Так прошло два месяца, и наконец я получила письмо от князя Дашкова. Когда уже все сплетники Петербурга давно знали о его свадьбе, он просил у меня позволения на нее. Я между тем успела собрать достаточно сведений относительно его молодой жены и ее семейства и тем более отчаивалась в его выборе. Признаюсь, уронить меня ниже в общем мнении никто не мог, и одна мысль о насмешках над моим участием в этом браке лишала меня чувств.
Письмо его сопровождалось примирительной запиской со стороны маршала, графа Румянцева, в которой его сиятельство распространялся о предрассудках происхождения, непостоянстве и шаткости богатства и весьма нелепо (если не сказать, хуже этого, потому что мое знакомство с ним отнюдь не давало ему права на такое вмешательство) вздумал советовать мне в самую критическую минуту в отношениях между сыном и матерью.

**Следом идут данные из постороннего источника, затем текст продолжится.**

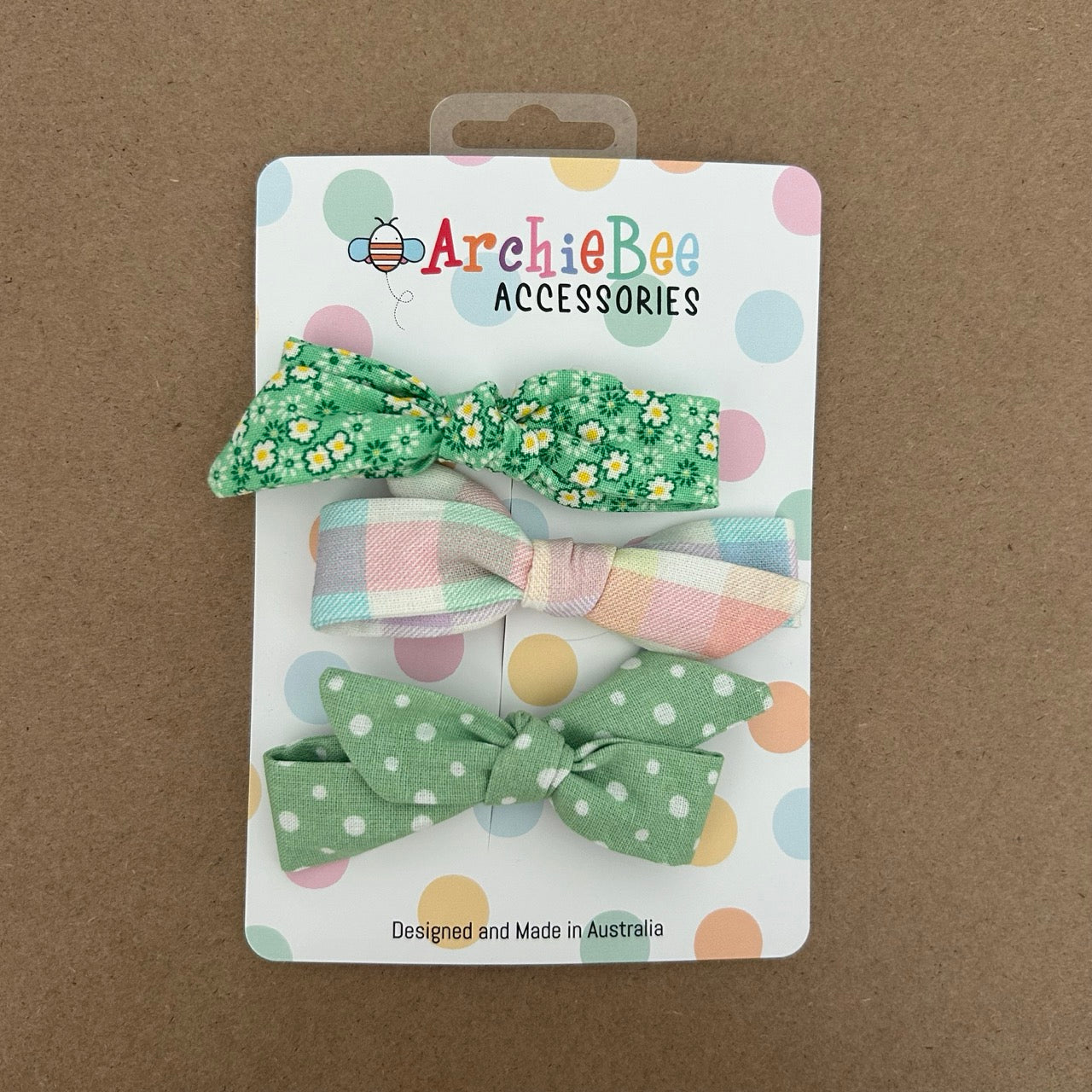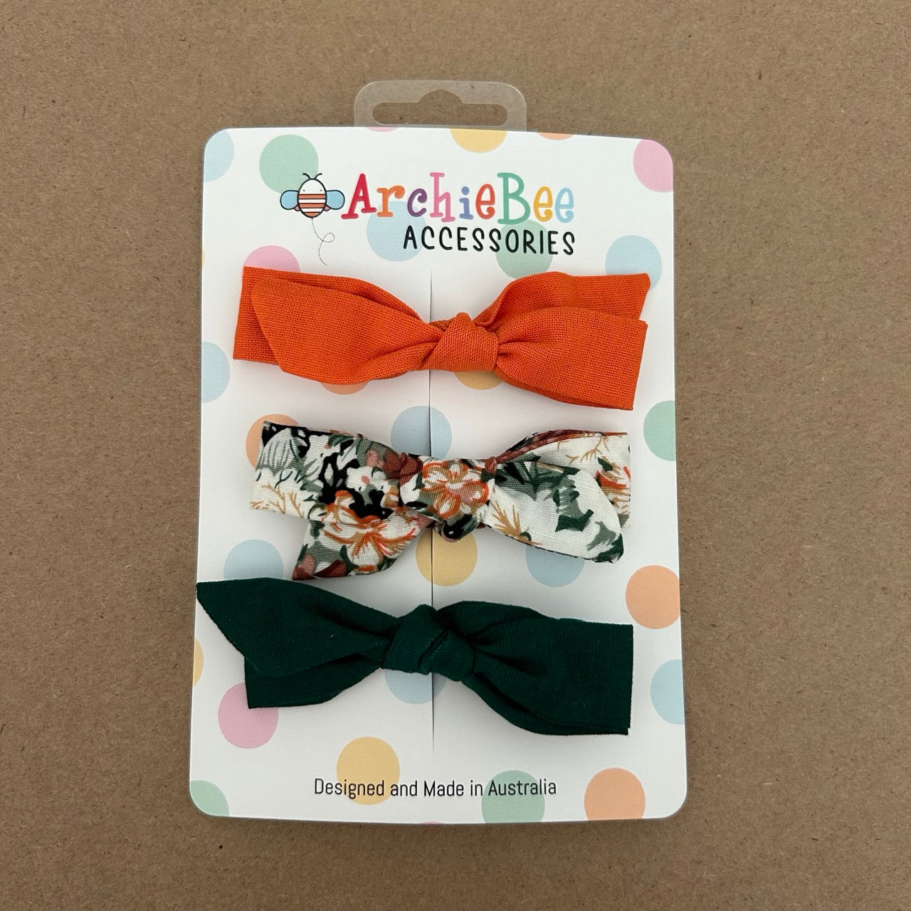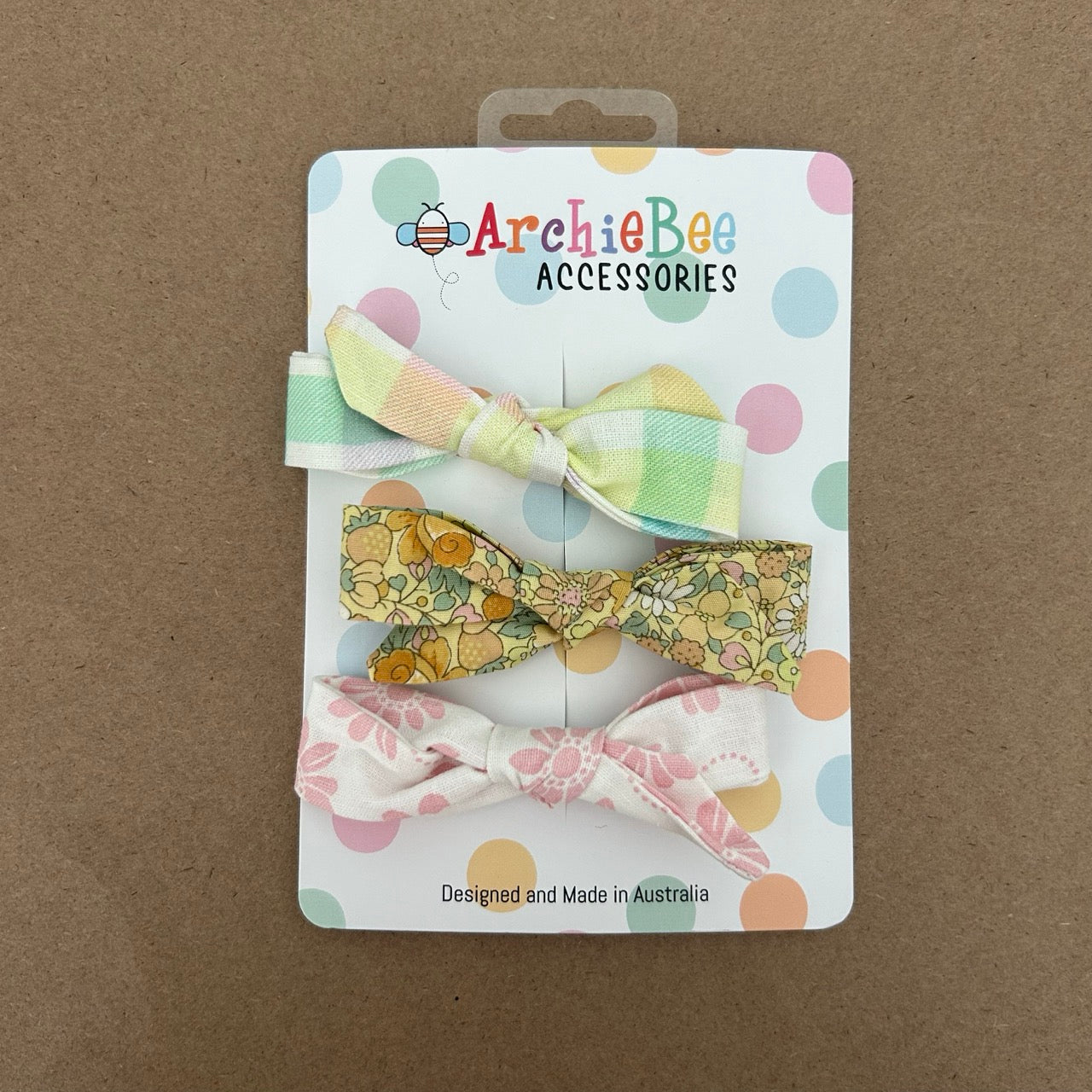 Designed to add that finishing touch to your ArchieBee outfits, our hand stitched trio of bows have a sturdy clip to wear either in hair or as a buttonhole bowtie.

Я отвечала ему довольно вежливо, но саркастически сказала, что среди многих глупостей, наполняющих мою голову, я никогда не думала с энтузиазмом о привилегиях высокого рода. Если бы я обладала хотя бы некоторой долей красноречия, так щедро расточаемого его превосходительством, то всегда отдала бы полное преимущество благовоспитанности, а как непременному ее последствию – доброму характеру из всех блестящих, но ломких предметов детского честолюбия.
Сыну я ответила в немногих словах. "Когда ваш отец, – писала я, – намерен был жениться на графине Катерине Воронцовой, он полетел на почтовых в Москву, чтобы испросить согласия у своей матери. Вы уже обвенчаны; мне это известно давно; я знаю также и то, что моя свекровь не более меня заслуживала иметь друга в своем сыне".

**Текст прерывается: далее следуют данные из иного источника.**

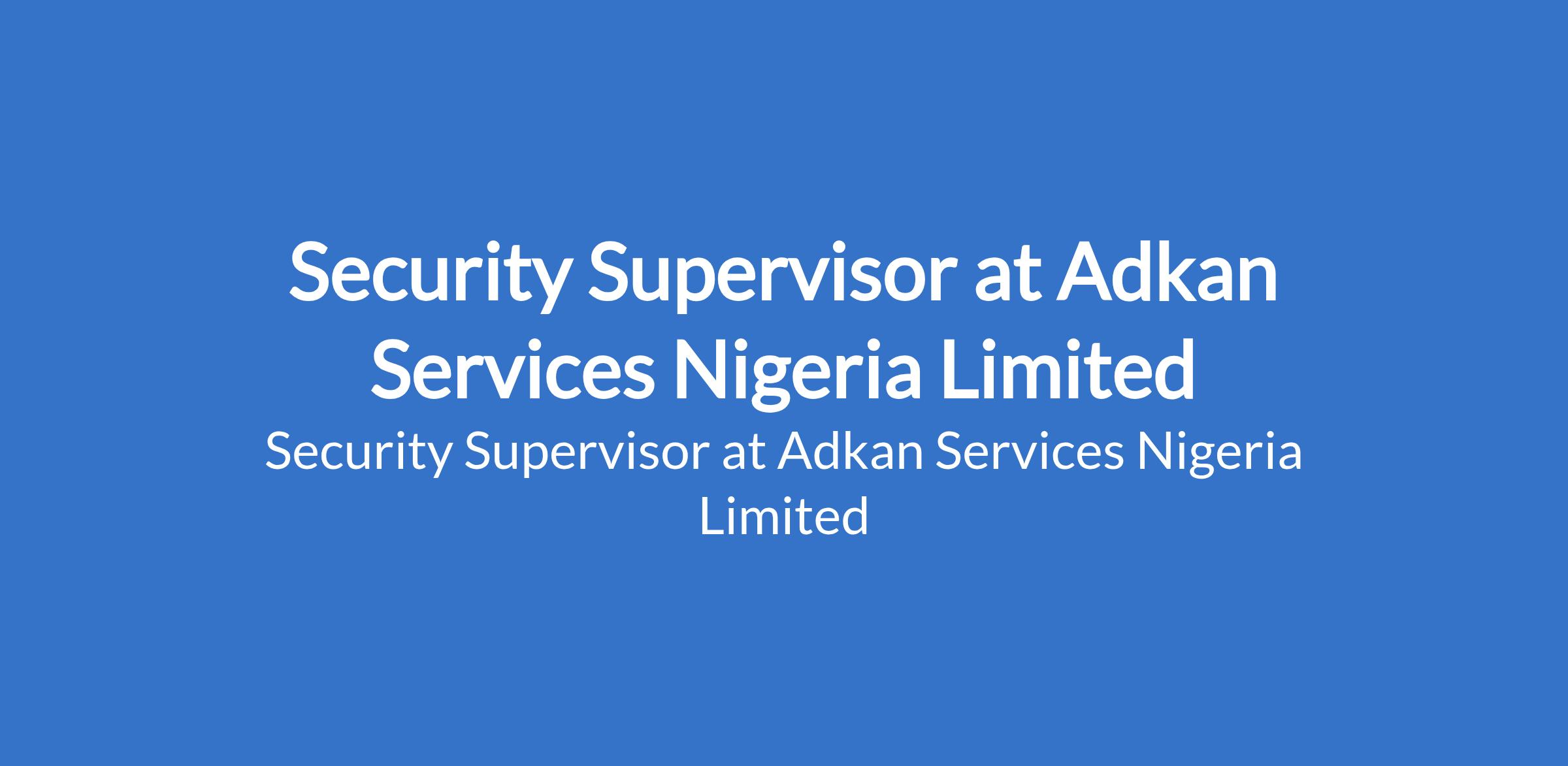 Adkan Services Nigeria Limited is recruiting to fill the position of: Security Supervisor. The position is located in Abuja (FCT). Interested candidates should possess an OND / HND / Bachelors Degree in Criminology, Security Management, or a related field (or equivalent military/police experience) with 3 5 years experience in private security, with at least 12 years in a supervisory role.
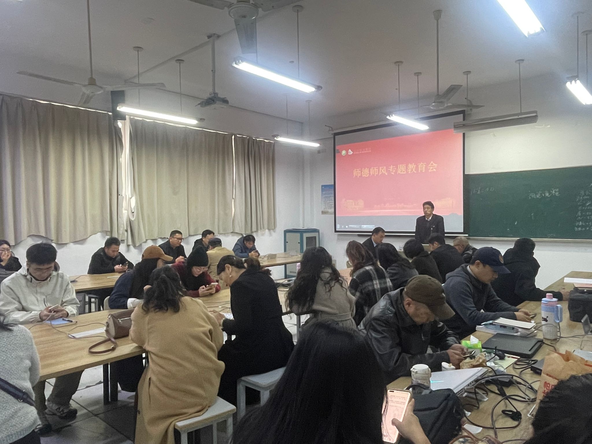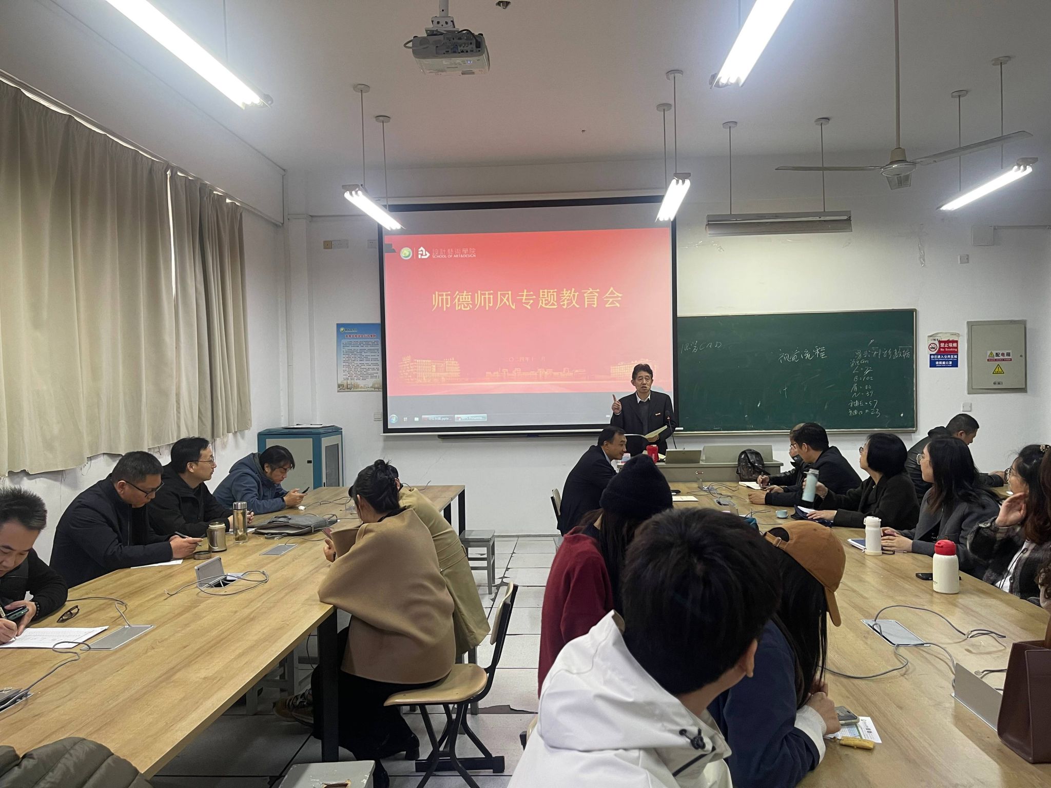 11月20日下午,在润美楼A209,学院召开师德师风专题教育会暨秋学期教职工第六次政治理论学习会。会议由院长张军主持,全体教职工参加。

Томительная тоска продолжала тяготить меня; я совершенно потеряла аппетит и видимо угасала. В домашнем одиночестве я считала себя одинокой в целом мире, потеряв утешение тех, чья любовь была единственной путеводной звездой на пути моих прежних невзгод.
К зиме, почувствовав себя лучше в физическом отношении, я опять обратилась к своей академической деятельности: продолжала заниматься словарем, предприняла новый труд, который академия сочла исключительно моей заслугой, то есть точное определение всех слов, относящихся к политике, правлению и нравственности.

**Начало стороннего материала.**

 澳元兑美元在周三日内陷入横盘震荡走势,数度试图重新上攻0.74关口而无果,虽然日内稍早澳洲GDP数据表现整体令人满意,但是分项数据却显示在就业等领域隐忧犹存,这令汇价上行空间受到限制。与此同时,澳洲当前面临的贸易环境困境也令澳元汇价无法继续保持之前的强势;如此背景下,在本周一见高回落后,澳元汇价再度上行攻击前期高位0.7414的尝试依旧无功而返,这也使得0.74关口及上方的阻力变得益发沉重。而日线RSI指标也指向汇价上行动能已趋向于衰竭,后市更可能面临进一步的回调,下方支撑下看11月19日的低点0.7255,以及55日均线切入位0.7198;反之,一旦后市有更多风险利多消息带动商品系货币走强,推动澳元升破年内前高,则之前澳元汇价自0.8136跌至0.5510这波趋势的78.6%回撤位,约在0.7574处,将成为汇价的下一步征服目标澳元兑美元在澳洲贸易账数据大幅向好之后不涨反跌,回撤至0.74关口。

Эта последняя работа, для меня вовсе не легкая, потребовала много внимания и каждый день служила мне громоотводом печальных дум, осаждавших меня. Я навсегда рассталась со светом, исключая мои свидания с императрицей один или два раза в неделю в самом небольшом и близком ее кругу.
Весной я удалилась на дачу моего отца, отстоявшую от города дальше, чем моя собственная. Здесь мое уединение никем не нарушалось; являлись немногие, но и тем отказывали. Все лето я провела в таком мучительном нравственном состоянии, что если и устояла против замыслов отчаяния, то обязана тем милости Провидения. Покинутая детьми, я считала свою жизнь бременем и пламенно желала сбросить его, если бы только явилась на помощь посторонняя рука, способная избавить меня от безнадежного существования. Это нравственное настроение продолжалось или лучше возросло на следующий год, когда я получила позволение осмотреть свои поместья под Москвой и в Белоруссии.
Прошлое, настоящее и будущее одинаково туманились перед мной, не было ни одной светлой точки, на которой бы могла остановиться мысль. Самые страшные видения фантазии овладевали мной. Я с трепетом вспоминаю, что в числе моих дум была мечта о самоубийстве. И если бы не освежала моей души религия, эта последняя опора в человеческом несчастье, последнее убежище для души, томимой отчаянием, я не могу поручиться за то, чем окончилась бы моя агония. В одном уверена, что ни убеждение в нелепости акта самоуничтожения, ни сила рассудка не могли спасти меня: я слишком страдала, чтобы слушаться разума, гордости или другого человеческого побуждения. Я искала, от всей души искала смерти, но не хотела принимать ее добровольно, от своей собственной руки. Только религия могла спасти меня.
Глава XXIII
В эту зиму я менее, чем обычно, страдала ревматизмом, развитию которого содействовало болотистое местоположение моей дачи. Я была в состоянии предпринимать прогулки в карете и по-прежнему два раза в неделю обедала с императрицей.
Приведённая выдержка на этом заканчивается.